Haskell implementation of the simply typed lambda calculus with inductive types. It ranges over base types, has functions, products, sums, units, and a special μ type (with a μ variable X) to define recursive types. It is strongly normalizing due to the well-founded nature of inductive types but not Turing Complete.

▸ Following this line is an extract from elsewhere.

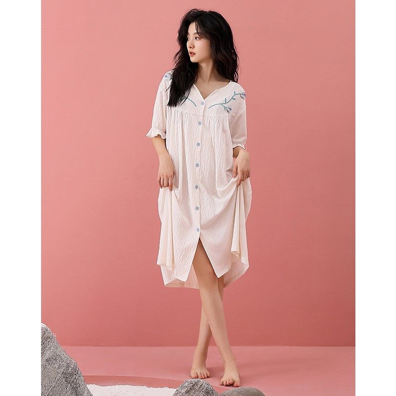 2024新款睡裙女夏季纯棉短袖白色甜美宽松孕妇家居服夏天开衫睡衣

Inductive types are an important stepping-stone towards algebraic datatypes in functional languages and a powerful tool to use with inductive equational reasoning. Additionally, catamorphisms in this language form canonical functional folds.

Prerequisites

You need Haskell, this compiles with GHC 8.2.2 at least (Stack resolver: lts-11.0).

To Build & Run

You can use cabal to build and run this, see this README, alternatively you can use vanilla ghc to build:

To compile and run do: ghc -O2 -o cata Main then run ./cata

Alternatively to use the GHCi Interpreter do: ghci Main then type main

In either case you get something like the following:

Welcome to the Cata REPL
Type some terms or press Enter to leave.
>

Note: When run in GHCi, you don't have the luxury of escaped characters, backspace, delete etc... Compile it using GHC if you need this.

Examples

Where you can then have some fun, try these examples:

  • \x:A.x
  • in (inl ():1+M(1+X)):M(1+X) (the encoding of peano style zero)
  • \x:M(1+((1*X)*X)).x (the identity function for a binary tree, with nil leaves and elements stored internally)
  • case (inl () : 1 + A) (\x:1.x) (\y:A.()) (performs case analysis on the first argument to case, passing the result to the first function if inl or otherwise inr).
  • \x:A.\y:B.snd (x,y).
  • \n:M(1+X).in (inr n:1+M(1+X)):M(1+X) the successor function for inductively defined nats.
  • \m:M(1+X). cata (\x:1+M(1+X). case x (\u:1.m) (\n:M(1+X).in (inr n:1+M(1+X)):M(1+X))):M(1+X) -> M(1+X) add for inductively defined nats

The parser is also smart enough to recognise λ, so you can copy and paste from the output:

>   \x:A.x
=   λx:A.x
>   λx:A.x
=   λx:A.x

> denotes the REPL waiting for input, = means no reductions occurred (it's the same term), ~> denotes one reduction, and ~>* denotes 0 or more reductions (although in practice this is 1 or more due to =).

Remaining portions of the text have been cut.